Using a swarm platform, we found that the diagnostic performance was higher than individual radiologist performance in diagnosing pneumonia. Moreover, when results of both swarm sessions were combined, swarm-based diagnoses outperformed crowd-based majority vote. This has important implications as many studies involving deep-learning models often use either individual expert, consensus, or majority vote to provide ground truth labels for validation and test sets when stronger metrics, such as pathology results, are unavailable or not applicable.4,15,24,25 Results from our study shows that swarm-based diagnoses outperforms crowd-based diagnoses, and thus may represent a novel means for generating image labels that provide more accurate ground truth than conventional consensus labeling methods for training datasets for deep-learning algorithms. Moreover, some centers may not readily have access to experts, and labeling images through swarm sessions may allow such centers to achieve expert level labels.

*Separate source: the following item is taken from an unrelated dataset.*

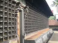 The temple is built in Kerala style architecture, which is common in all temples in the South Indian state of Kerala in eastern axis. The temple has an elevated structure reached by a flight of 20 steps. The temple has a two-storeyed gopuram or a gateway tower, with the upper storey having wooden trails covering the Kottupura (a hall of drum beating during festivals). A rectangular wall around the temple, called Kshetra-Madilluka, pierced by the gateways, encloses all the shrines of the temple. The metal plated flagpost or Dwajasthambam is located axial to the temple tower leading to the central sanctum and there is a Deepastamba, which is the light post. Chuttuambalam is the outer pavilion within the temple walls. The central shrine and the associated hall is located in a rectangular structure called Nallambalam, which has pillared halls and corridors.[9] Between the entrance of Nalambalam to the sanctum, there is a raised square platform called Namaskara Mandapa which has a pyramidal roof. Thevrapura, the kitchen used to cook offering to the deity is located on the left of Namaskara Mandapa from the entrance. Balithara is an altar is used for making ritualistic offering to demi-gods and the festive deities. The central shrine called Sreekovil houses the image of the presiding deity, who is a standing four-armed Lord Vishnu worshipped as Parthasarathy. It is on an elevated platform with a single door reached through a flight of five steps. Either sides of the doors have images of guardian deities called Dvarapalakas. As per Kerala rituals, only the main priest called Thantri and the second priest called Melshanthi alone can enter the Sree Kovil.[10] The central shrine has a circular plan with the base built of granite, superstructure built of laterite and conical roof made of terracotta tile supported from inside by a wooden structure. The lower half of Sree Kovil consists of the basement, the pillar or the wall, called stambha or bhithi and the entablature called prasthara in the ratio 1:2:1, in height. Similarly the upper half is divided into the neck called griva, the roof tower called shikhara and the conical kalasam (made of copper) in the same ratio. The roof projects in two levels to protect the inner structure from heavy rains during monsoon. The roof of the temple and some of the pillars have lavish wood and stucco carvings depicting various stories of ancient epics, Ramayana and Mahabharatha.[11] The outer walls around the sanctum have a series of wooden frames housing an array of lamps, which are lit during festive occasions.[12] The temples have paintings on its walls dating back to early 18 century.[13] The image of the presiding deity is 6 ft (1.8 m) tall, making it the tallest among the idols of all Krishna temples in Kerala. Krishna is in Vishvarupa pose, the one he depicted to Arjuna during the Mahabharatha war. It is thus considered to be in fierce form. As per one legend, Arjuna is believed to have built the temple in Nilakal Narayanapuram and later brought to Aranmula in a raft made with six bamboo.[7] In the second precinct, there are shrines of Sastha, Yakshi, Nagaraja and Erangavil Bhagavathy Balarama in the lower shrine.[7]

It has been well-established that crowds of people can outperform individuals and achieve estimates close to the true value that would otherwise not be possible with individual estimates, a concept known as “wisdom of crowd effect”.26,27,28,29,30 In fact, the use of this effect specifically for medical decision making has also been described.31,32,33,34 However, this effect is a statistical aggregation of individual estimates. Traditionally, its power is shown through votes, conducting polls, or collecting surveys such that the input from each individual member is captured in isolation (or near isolation) and then combined with the data collected from other members to then pass through a post-hoc statistical processing. Thus, the dynamics of a real-time collaboration and negotiation are void within these types of “crowds.” Studies have also shown that wisdom of crowd effect could be undermined by social influence, and that the crowd-based decision can be biased resulting in tending away from higher accuracy compared to the individual.28,35,36 This is, however, dependent on how the communication network for information exchange is structured.37

Modeled after complex decision processes used by swarming honeybees, the real-time algorithms that connect users of the Swarm platform enable human groups to work together to integrate noisy and incomplete information, weigh competing alternatives, and converge on unified decisions in real-time synchrony. In this way, the swarm-based technology utilized in this study enabled networked groups of radiologists to outperform individual radiologists, groups of radiologists taking a traditional vote, and the CheXNet deep-learning system when diagnosing pneumonia on chest radiographs.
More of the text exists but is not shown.